Me quedé estupefacto en cuanto salí de la academia.

"¿Qué desgraciado derribó nuestra puerta y nuestro muro?"

En cuanto Zhang Junbao salió de su estudio, vio que la sección del muro que conectaba la puerta del pequeño patio con la puerta principal había desaparecido, y que había guijarros esparcidos por todas partes.

"¿Demolisteis nuestra casa?"

Más allá de la muralla, tres hombres y tres mujeres vestidos con atuendos mongoles permanecían de pie con los brazos cruzados sobre el pecho, con la mirada fija en el patio. Era evidente que esos tres eran los autores del crimen.

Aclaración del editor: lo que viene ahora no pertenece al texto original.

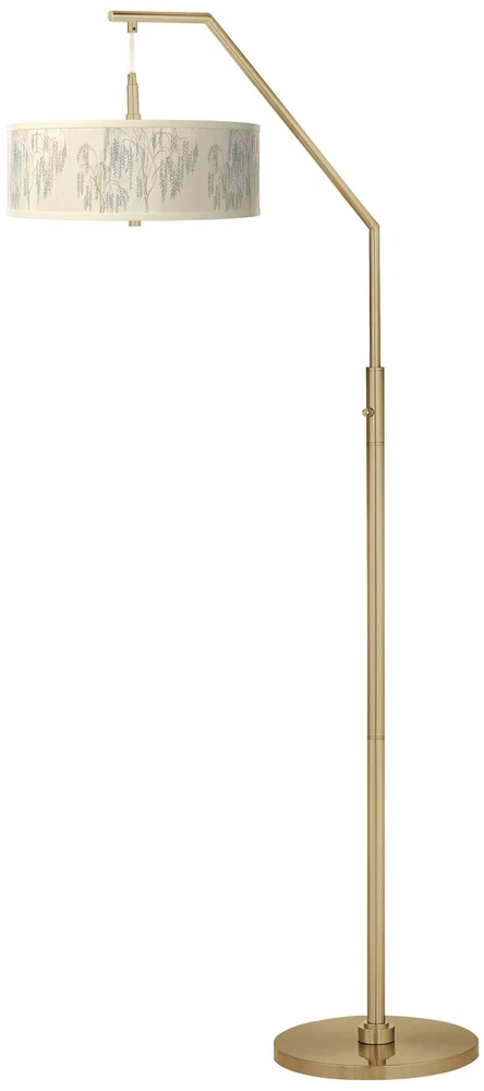 Shop Sale > Chandeliers Ceiling Lights Lamps Wall Lights Outdoor Lights Fountains Ceiling Fans Furniture Decor Weeping Willow Giclee Warm Gold Arc Floor Lamp Style #370G8 PRODUCT DETAILS: 71 1/2" high overall. Base is 14" wide. Shade is 16" across the top x 16" across the bottom x 5 1/2" high. Weighs 23 lbs. Uses two maximum 100 watt standard-medium base light bulbs (not included). 4-position stem column switch. Switch positions: Right bulb on, left bulb on, both on, both off. Contemporary arc floor lamp from the Giclee Glow brand. Translucent Weeping Willow shade. Shade has the exclusive pattern and is custom made to order. Shade printing process U.S. Patent # 7,347,593. Warm gold finish. Metal construction. 8-foot long cord. DESCRIPTION: Add style with this contemporary arc floor lamp design. It features a warm gold finish and a shade with a bottom diffuser to prevent glare. The shade shows off an exclusive Weeping Willow shade pattern and is giclee printed and made to order. Stem switch allows for two different lighting levels for ultimate convenience. Shade printing process U.S. Patent # 7,347,593. *Free Shipping applies only to orders shipping to the 48 continental United States that qualify and meet the minimum purchase requirement; standard shipping only and select products excluded, including freight and oversized items. Free Returns valid on select items in United States only; does not apply to freight, clearance, Daily Sale, designs with giclee art shades, Color Plus and Tiffany Color Plus brand items, or certain items with designer shades.

"¿Te atreves a demoler mi casa? ¡Te voy a dar una lección!"

Zhang Junbao dio un paso de zancada, listo para hacer su movimiento.

"Junbao, no actúes precipitadamente."

Li Boyang, que siguió a Zhang Junbao al salir del estudio, lo detuvo.

"¿Quién eres? ¿Por qué has destruido mi casa?"

Después de salir del estudio, Li Boyang miró el muro derrumbado y la puerta destrozada, luego a los tres mongoles que estaban fuera de la puerta, y finalmente su mirada se posó en Chibilie, con una expresión algo solemne.

Mientras Li Boyang examinaba a la otra parte, Chi Bilie notó que el hombre del medio, vestido como un erudito y de unos treinta años, parecía ser el líder entre las tres personas en el patio. Preguntó con voz grave:

"¿Eres Li Boyang?"

"Yo fui quien destruyó mi casa. ¿No deberías darme una explicación?"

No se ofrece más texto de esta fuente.